**Given material:**
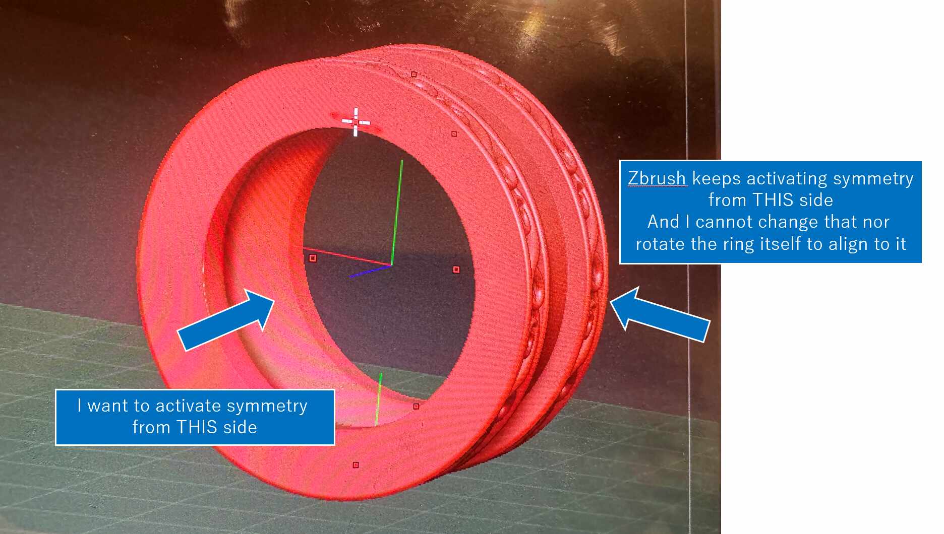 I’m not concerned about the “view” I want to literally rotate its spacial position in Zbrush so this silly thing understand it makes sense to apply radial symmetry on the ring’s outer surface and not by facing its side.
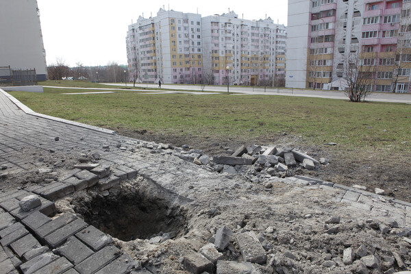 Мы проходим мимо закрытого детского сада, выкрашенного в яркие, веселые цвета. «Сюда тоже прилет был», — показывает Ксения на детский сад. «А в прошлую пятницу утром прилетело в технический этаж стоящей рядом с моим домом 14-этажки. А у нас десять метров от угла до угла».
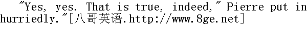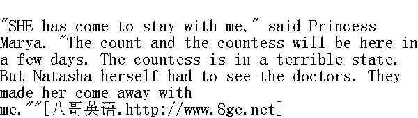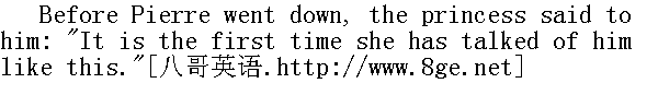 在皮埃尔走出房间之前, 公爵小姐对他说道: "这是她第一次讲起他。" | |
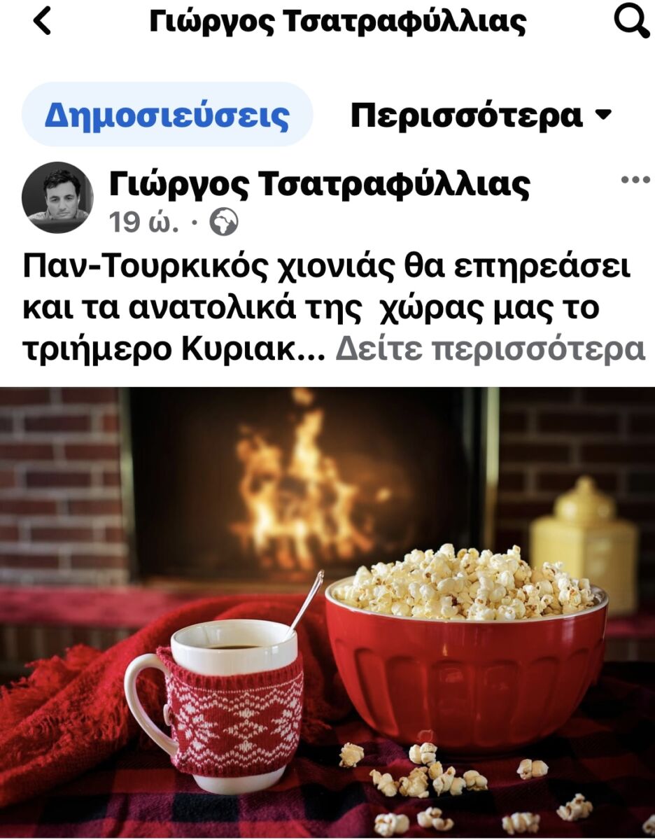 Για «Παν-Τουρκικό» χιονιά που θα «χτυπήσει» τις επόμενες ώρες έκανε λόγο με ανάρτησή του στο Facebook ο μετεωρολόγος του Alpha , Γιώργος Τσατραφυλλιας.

**Directions for this task:** Give back the full data exactly as it reads, but drop the pictures.

**Exercise solution:**
 I’m not concerned about the “view” I want to literally rotate its spacial position in Zbrush so this silly thing understand it makes sense to apply radial symmetry on the ring’s outer surface and not by facing its side.
 Мы проходим мимо закрытого детского сада, выкрашенного в яркие, веселые цвета. «Сюда тоже прилет был», — показывает Ксения на детский сад. «А в прошлую пятницу утром прилетело в технический этаж стоящей рядом с моим домом 14-этажки. А у нас десять метров от угла до угла».
 在皮埃尔走出房间之前, 公爵小姐对他说道: "这是她第一次讲起他。" | |
 Για «Παν-Τουρκικό» χιονιά που θα «χτυπήσει» τις επόμενες ώρες έκανε λόγο με ανάρτησή του στο Facebook ο μετεωρολόγος του Alpha , Γιώργος Τσατραφυλλιας.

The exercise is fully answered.